---------- DATA SHOWN

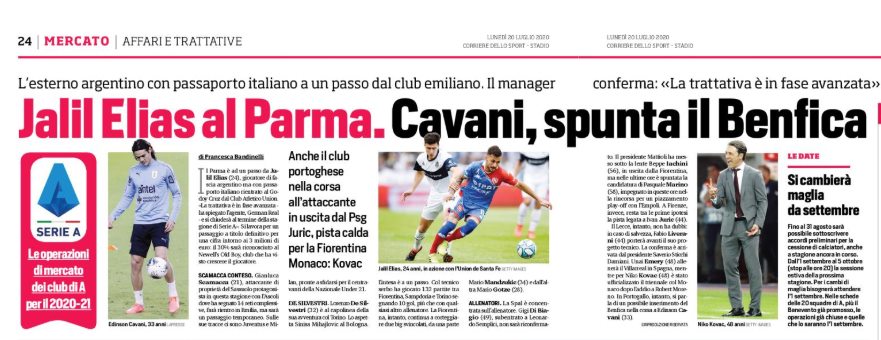 L’edizione odierna del “Corriere dello Sport” parla di Jalil Elias che sarebbe vicinissimo al Parma per circa 3 milioni di euro. In Portogallo invece, si parla di un possibile inserimento del Benfica nella corsa a Edinson Cavani.
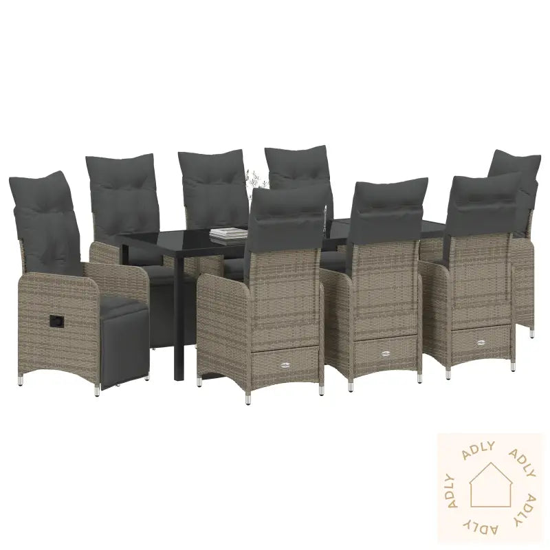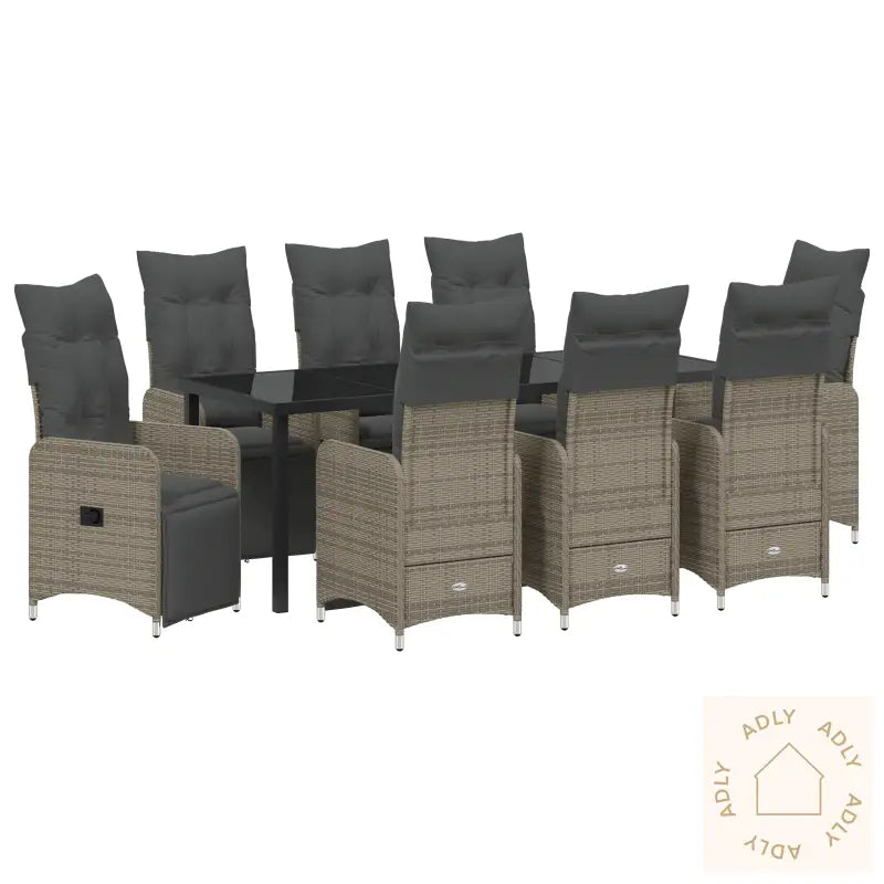 Hagestoler i beige poly rotting med myke kremhvite puter
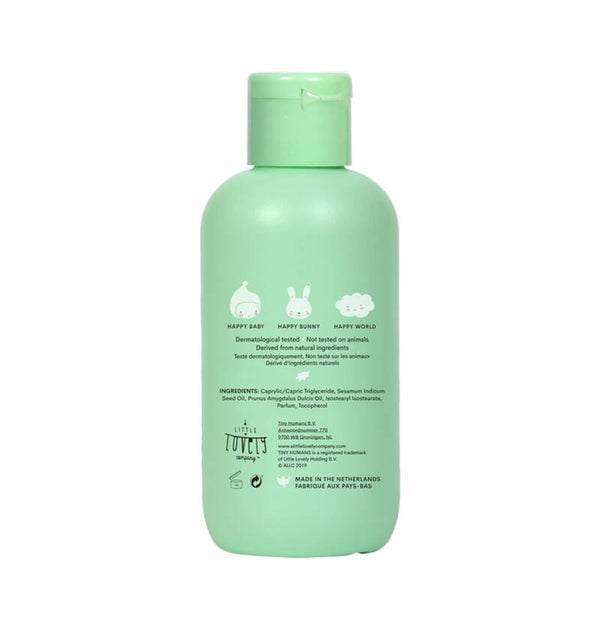 De olie is 100% plantaardig en verzorgt en hydrateert de gevoelige babyhuid op een zachte manier.
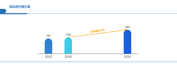 Global Reports調査チームの最新レポート「グローバル電気真空発生器市場規模、主要企業シェア、ランキング分析レポート【2026年版】」によると、2026年の194百万米ドルから2032年には285百万米ドルに成長し、2026年から2032年の間にCAGRは6.7%になると予測されています。
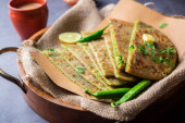 Paneer paratha to popularny północnoindyjski placek z mąki pszennej, nadziewany pikantnym, przyprawionym, tartym paneerem.
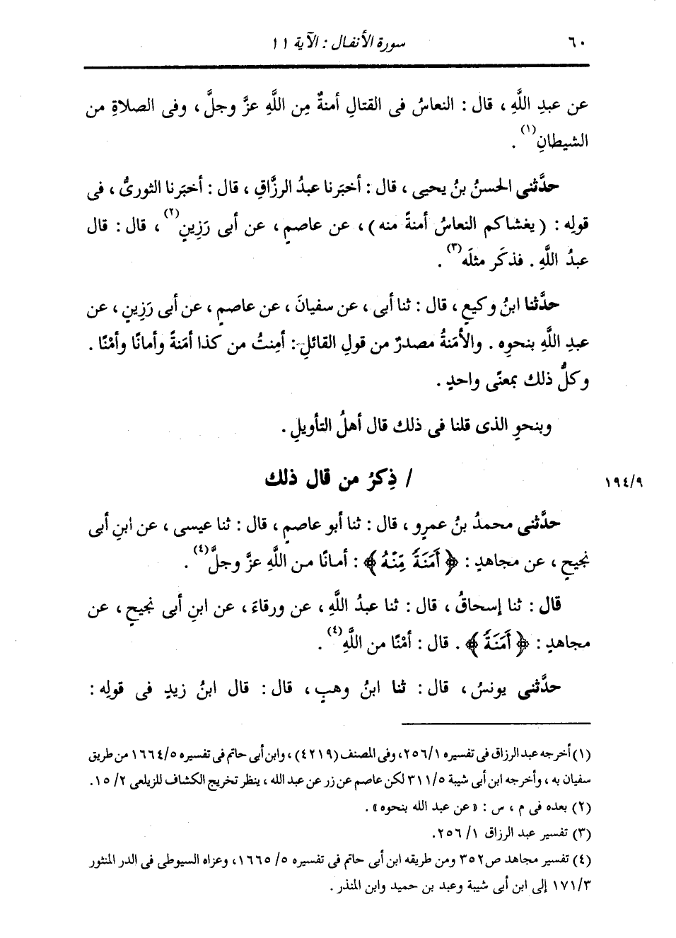 قَالَ: ثنا إِسْحَاقُ قَالَ: ثنا عَبْدُ اللَّهِ عَنْ وَرْقَاءَ، عَنِ ابْنِ أَبِي نَجِيحٍ، عَنْ مُجَاهِدٍ: {أَمَنَةً} [الأنفال: 11] قَالَ: «§أَمْنًا مِنَ اللَّهِ»
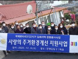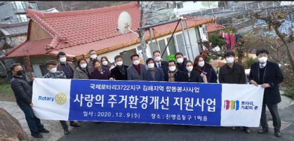 진영읍행정복지센터(읍장 김우곤)와 3722지구 진영로타리클럽(회장 제해준)은 어려운 독거노인들에게 꿈과 희망을 전하기 위해 회원들의 회비와 성금 2,000만원으로 주거환경이 열악한 거동불편 어르신 3가구에 ‘헌집을 새집으로 개조하는 집수리 사업’을 추진하여 주위로부터 잔잔한 감동을 일으키고 있다.

--------------------

**EXERCISE OBJECTIVE:**
The expected result is the data above in exact form, free of pictures.

**RESPONSE:**
 L’edizione odierna del “Corriere dello Sport” parla di Jalil Elias che sarebbe vicinissimo al Parma per circa 3 milioni di euro. In Portogallo invece, si parla di un possibile inserimento del Benfica nella corsa a Edinson Cavani.
 Hagestoler i beige poly rotting med myke kremhvite puter
 De olie is 100% plantaardig en verzorgt en hydrateert de gevoelige babyhuid op een zachte manier.
 Global Reports調査チームの最新レポート「グローバル電気真空発生器市場規模、主要企業シェア、ランキング分析レポート【2026年版】」によると、2026年の194百万米ドルから2032年には285百万米ドルに成長し、2026年から2032年の間にCAGRは6.7%になると予測されています。
 Paneer paratha to popularny północnoindyjski placek z mąki pszennej, nadziewany pikantnym, przyprawionym, tartym paneerem.
 قَالَ: ثنا إِسْحَاقُ قَالَ: ثنا عَبْدُ اللَّهِ عَنْ وَرْقَاءَ، عَنِ ابْنِ أَبِي نَجِيحٍ، عَنْ مُجَاهِدٍ: {أَمَنَةً} [الأنفال: 11] قَالَ: «§أَمْنًا مِنَ اللَّهِ»
 진영읍행정복지센터(읍장 김우곤)와 3722지구 진영로타리클럽(회장 제해준)은 어려운 독거노인들에게 꿈과 희망을 전하기 위해 회원들의 회비와 성금 2,000만원으로 주거환경이 열악한 거동불편 어르신 3가구에 ‘헌집을 새집으로 개조하는 집수리 사업’을 추진하여 주위로부터 잔잔한 감동을 일으키고 있다.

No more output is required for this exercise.